Surface Modification and Functionalization of Boron Nitride Nanotubes via Condensation with Saturated and Unsaturated Alcohols for High Performance Polymer Composites

• Published in: ACS applied nano materials Vol. 2; no. 7; pp. 4053 - 4060
• Main Authors: Smith, Kamia K, Redeker, Neil D, Rios, Juan C, Mecklenburg, Matthew H, Marcischak, Jacob C, Guenthner, Andrew J, Ghiassi, Kamran B
• Format: Journal Article
• Language: English
• Published: American Chemical Society 26.07.2019
• Subjects: functionalization; perchloric acid; NMR; boron nitride nanotubes; surface modification
• ISSN: 2574-0970; 2574-0970
• DOI: 10.1021/acsanm.8b02192

Over the past decade, boron nitride nanotubes (BNNTs) have been researched extensively due to their desirable physical, thermal, and mechanical properties. However, a major challenge for BNNT utilization in applications is their poor processability and difficulty associated with their incorporation into materials and composites. The desire to incorporate BNNTs into relevant materials, specifically within the aerospace industry, calls for improving their processability. The successful grafting of reactive functionalities allows for improvements to the compatibility of BNNTs in polymer systems, allowing for the manufacturing of high performance BNNT–polymer composites. The research presented here addresses this concern, introducing a facile method for covalent surface functionalization of BNNTs with a diverse set of functional moieties allowing for homogeneous dispersibility in solvent. The grafted functionalities in this work are based on alkyl-, vinyl-, and propargyl-terminated alcohols covalently bound to BNNTs that were subjected to an oxidizing perchloric acid treatment.

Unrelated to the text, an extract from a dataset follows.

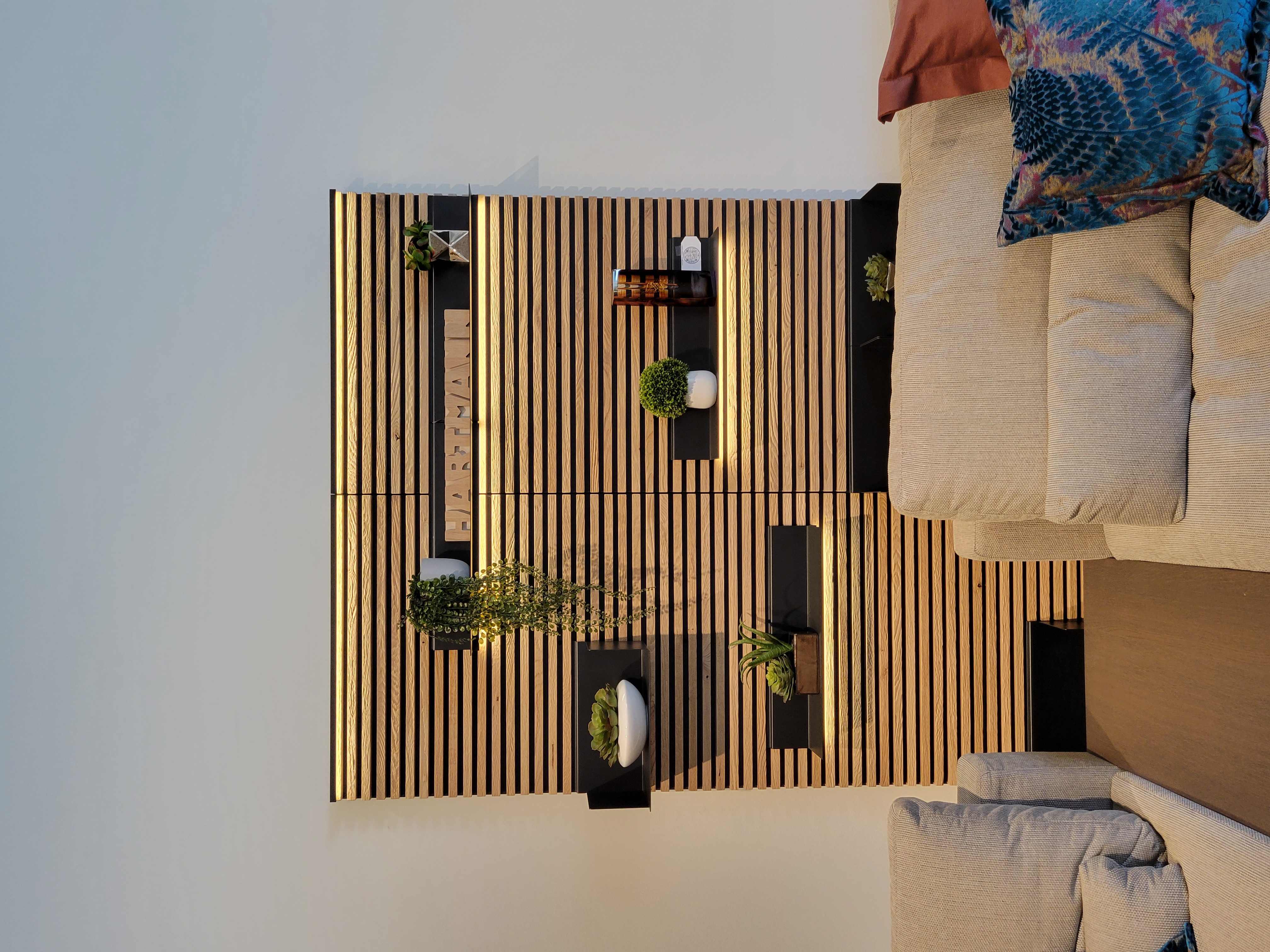 Yonna Wall Shelves, LED Lights, 2x Panels & 6x Shelves ; Finish: Solid Natural Oak w/ Anthracite Metal Shelves ; Dimensions: W30 3/8" x H78 3/4" x D10 1/4" EACH ; Email: info@planumfurniture.com if you are interested
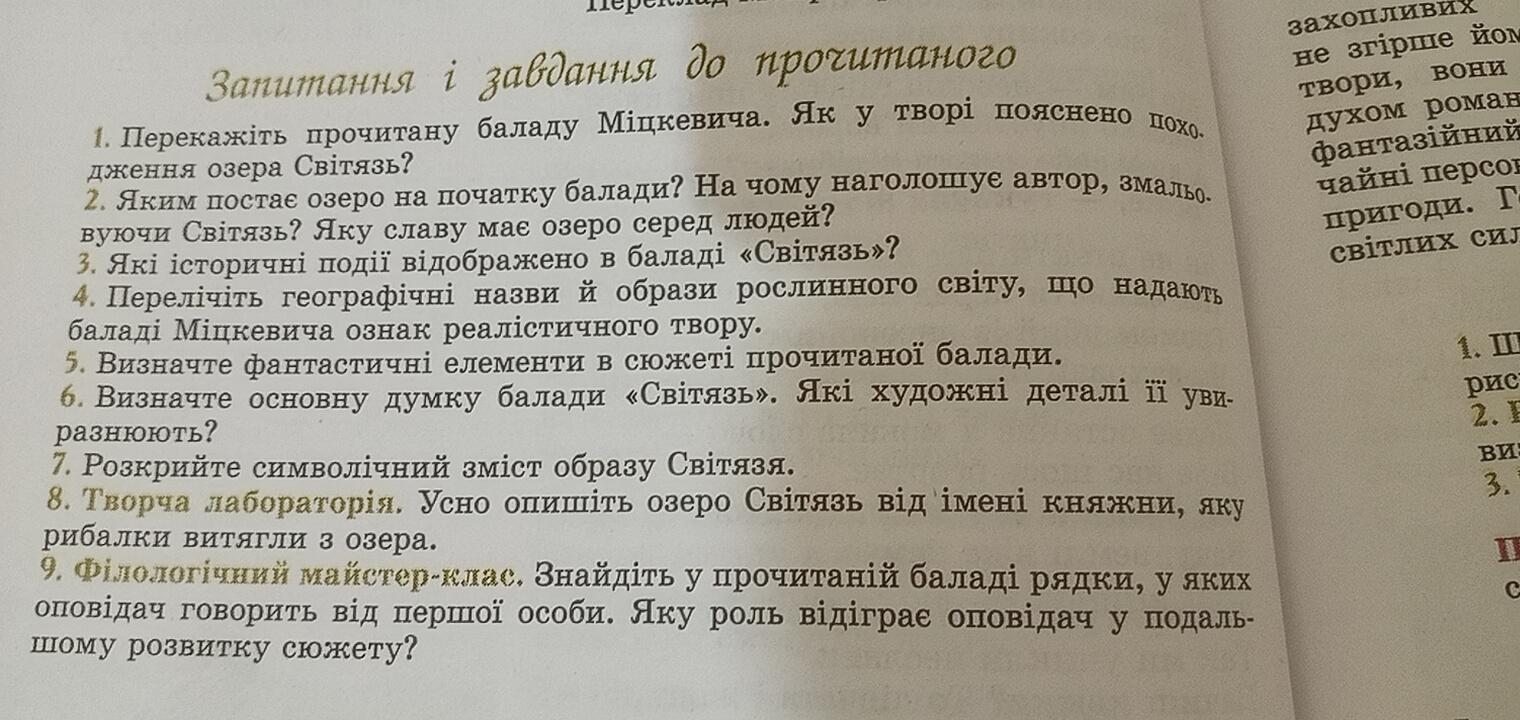 Відповідь: 1. Вороги напали на Світязь. Нікому було його обороняти, бо князь зі своєю дружиною пішов допомогти в нерівній боротьбі другові- сусідньому князю. Залишилися в місті лише діди, жінки з дітьми та юна княгиня. Не хотіли волелюбні жителі міста загинути від руки загарбника, жити в неволі, зазнати глуму та знущань. Тому вирішили прийняти смерть. Озеро поглинуло їх, даруючи безсмертя. На воді одразу з’явилися квіти. Вороги зривали їх, але падали мертві. І досі на водах Світязя милується Божим Світлом чудове латаття, нагадуючи нащадкам про подвиг простих жінок, про їх безмежну ї гордість, про любов до батьківщини.

NMR spectroscopy, though not typically used for BNNT characterization, was successfully employed as a primary means to determine functionalization. Additional characterization methods including FTIR, SEM, TEM, and TGA also provide evidence of functionalization. Surface-functionalized materials were produced exhibiting up to 6 wt % functionality. Furthermore, visual analysis showed improved and stable dispersions lasting over 24 h, leading to potential benefits in processing for applications.